Segment Start: RECORDED DATA

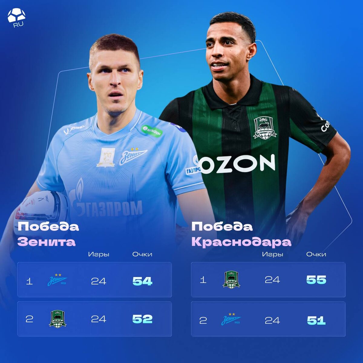 В прошлом сезоне СБГ разгромили быков со счетом 4:1, но всё равно стали вторыми. Матч тогда также состоялся в 24 туре, но даже это поражение не помешало «Краснодару». В этом сезоне впереди у обеих команд 100% возможны осечки. Семаку предстоят выезды к «Локомотиву» и ЦСКА, а Мусаеву – к «Спартаку» и «Динамо» + минимум 1 матч в Кубке. Но если смотреть календарь, сложнее всё же «Краснодару»: кроме относительно проходных соперников, быков ждет почти непобедимая «Балтика». Отрыв в любом случае не станет критичным: либо у южан будет +4, что вполне отыгрывается, либо «Зенит» получит преимущество в два очка – разница в одну победу. Если резюмировать, то у матча больше значения с психологической точки зрения, нежели с турнирной. Максимум результат еще может повлиять на таблицу при равенстве очков, тут пока преимущество у «Зенита». @myach
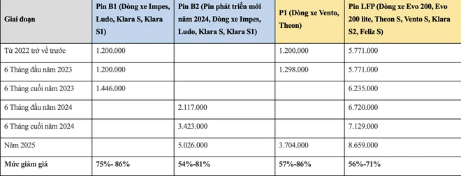 Mức giá trên áp dụng với khách hàng đã mua xe theo diện thuê pin và chỉ dành cho bộ pin đang đi kèm xe. Trong trường hợp khách hàng có nhu cầu mua pin mới, giá pin được tính theo mức niêm yết.
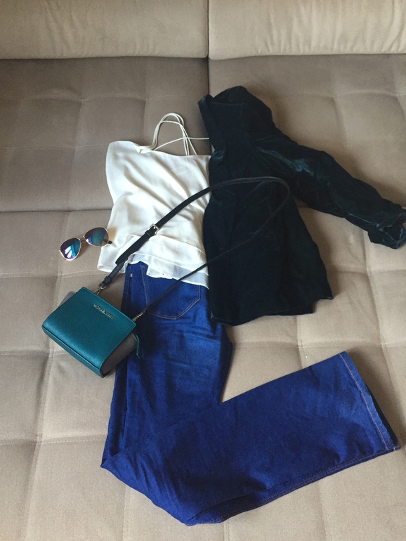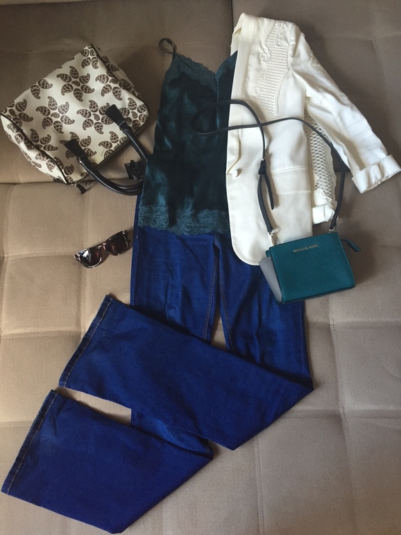 Еще один образ с жакетом. Жакет-смокинг H&M, майка intimissimi, белая сумка Furla, зеленая сумка Michael Kors, очки Valentino.
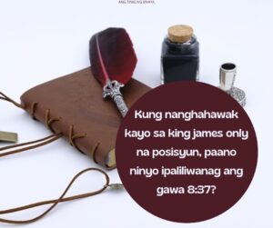 Ikaanim, bagama’t maaaring may tagataguyod ng King Jame Only (KJVO) ang sisipi ng sitas na ito upang patunayang may espesyal na uri ng pananampalatayang kailangan upang maipanganak na muli, hindi ko sila batid. Ang hula ko ay karamihan sa mga KJVO ay nagtuturong, “whosoever surely meaneth me” (ang sinuman ay siguradong patungkol sa akin)2 Iniisip kong sang-ayon sila sa limang puntos na aking ginawa.

Segment End: RECORDED DATA

WHAT IS BEING ASKED => Set down all of the material above exactly as written, leaving the pictures out.

THE ANSWER =>
 В прошлом сезоне СБГ разгромили быков со счетом 4:1, но всё равно стали вторыми. Матч тогда также состоялся в 24 туре, но даже это поражение не помешало «Краснодару». В этом сезоне впереди у обеих команд 100% возможны осечки. Семаку предстоят выезды к «Локомотиву» и ЦСКА, а Мусаеву – к «Спартаку» и «Динамо» + минимум 1 матч в Кубке. Но если смотреть календарь, сложнее всё же «Краснодару»: кроме относительно проходных соперников, быков ждет почти непобедимая «Балтика». Отрыв в любом случае не станет критичным: либо у южан будет +4, что вполне отыгрывается, либо «Зенит» получит преимущество в два очка – разница в одну победу. Если резюмировать, то у матча больше значения с психологической точки зрения, нежели с турнирной. Максимум результат еще может повлиять на таблицу при равенстве очков, тут пока преимущество у «Зенита». @myach
 Mức giá trên áp dụng với khách hàng đã mua xe theo diện thuê pin và chỉ dành cho bộ pin đang đi kèm xe. Trong trường hợp khách hàng có nhu cầu mua pin mới, giá pin được tính theo mức niêm yết.
 Еще один образ с жакетом. Жакет-смокинг H&M, майка intimissimi, белая сумка Furla, зеленая сумка Michael Kors, очки Valentino.
 Ikaanim, bagama’t maaaring may tagataguyod ng King Jame Only (KJVO) ang sisipi ng sitas na ito upang patunayang may espesyal na uri ng pananampalatayang kailangan upang maipanganak na muli, hindi ko sila batid. Ang hula ko ay karamihan sa mga KJVO ay nagtuturong, “whosoever surely meaneth me” (ang sinuman ay siguradong patungkol sa akin)2 Iniisip kong sang-ayon sila sa limang puntos na aking ginawa.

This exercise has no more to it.